The Chinese Calligraphy Character Dataset is derived from ancient texts and stele inscriptions, ensuring the authenticity and authority of the data. The dataset includes three categories: regular script, clerical script, and running script. Through the pre-processing and cropping the images, samples of calligraphy characters with a pixel size of 128 × 128 are constructed for model training and evaluation.
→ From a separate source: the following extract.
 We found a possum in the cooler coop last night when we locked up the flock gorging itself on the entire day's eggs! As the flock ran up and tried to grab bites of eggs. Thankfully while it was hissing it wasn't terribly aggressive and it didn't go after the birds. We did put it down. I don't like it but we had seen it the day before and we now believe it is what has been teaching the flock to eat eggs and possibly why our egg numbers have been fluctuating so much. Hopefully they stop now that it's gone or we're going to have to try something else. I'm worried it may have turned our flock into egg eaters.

First, the gray scale of the original image is inverted so that the white characters on a black background become black characters on a white background. Second, the inverted gray-scale image is pre-processed, which involves techniques such as denoising to prevent noise from affecting the quality of the sample. Then, to ensure the uniform format of the samples, the pre-processed black-on-white image is directly cropped to obtain the calligraphy character. Next, to ensure the clarity of the sample images and to facilitate the subsequent use of the dataset, the Skimage method was chosen to normalize the calligraphy character slices to obtain a single calligraphy character image with a pixel size of 128 × 128. Finally, all the calligraphy character images were binarized. After the above steps, a sample of calligraphy characters was obtained with a uniform format and size.
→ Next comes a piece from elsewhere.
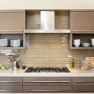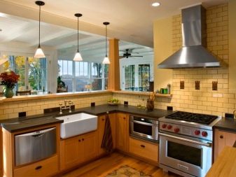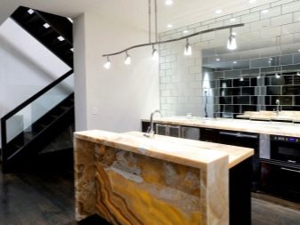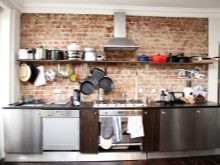 Les motifs industriels et les briques de la cuisine auront fière allure. Habituellement, les tuiles pour briques constituent la zone du tablier à côté du poêle, la zone de l'évier et la zone de travail elle-même. Il est préférable d’utiliser des carreaux, mais si les propriétaires veulent rendre la pièce unique et originale, vous pouvez faire attention aux carreaux de verre. Le verre particulièrement intéressant sera combiné aux éléments du rétroéclairagePar exemple, bande de LED. Cela fournira un éclairage supplémentaire à la zone de travail.

In the regular script category, works by four master calligraphers are selected, including Ouyang Xun’s “Inscription on the Sweet Spring in the Jiucheng Palace”, Yan Zhenqing’s “Duobao Pagoda Stele”, Liu Gongquan’s “Xuanmi Pagoda Stele”, and Zhao Mengfu’s “Danba Stele”. These works are hailed as classics by the “Four Masters of Regular Script” in China and hold immense artistic and historical value [42]. In the clerical script category, Deng Shiru’s “Shaoxue Qinshu Clerical Script Album” is selected. Deng Shiru’s clerical script is known for its tight structure, simplicity, and elegance, demonstrating a high level of artistry and serving as a typical representation of clerical script [43]. In the running script category, Wang Xizhi’s “Orchid Pavilion Preface” is selected. With its fluid and natural style, it is hailed as the most important running script under the sky [44]. Detailed information on the Chinese calligraphy character dataset is given in Table 1. This dataset not only provides rich data resources for generating calligraphy characters, but also helps to study the characteristics and artistic values of different calligraphy styles in depth.

4.2. Training Process

The specific configuration of the computer system used in the experiment is as follows: the operating system is Ubuntu and the processor is an Intel Xeon Silver 4216 quad-core CPU with 8 GB of RAM. The graphics card is an NVIDIA RTX3080 with 8 GB of video memory, of which 7 GB is used during model training. The programming language used is Python 3.8.15 and the implementation is based on the Pytorch 1.12.1 framework.

The following hyperparameters are set during model training: the number of iterations is 200, the batch size is 8, the learning rate is 0.0002, and the number of decay iterations is 100. These hyperparameters are carefully selected and adjusted to ensure the stability and effectiveness of the model training.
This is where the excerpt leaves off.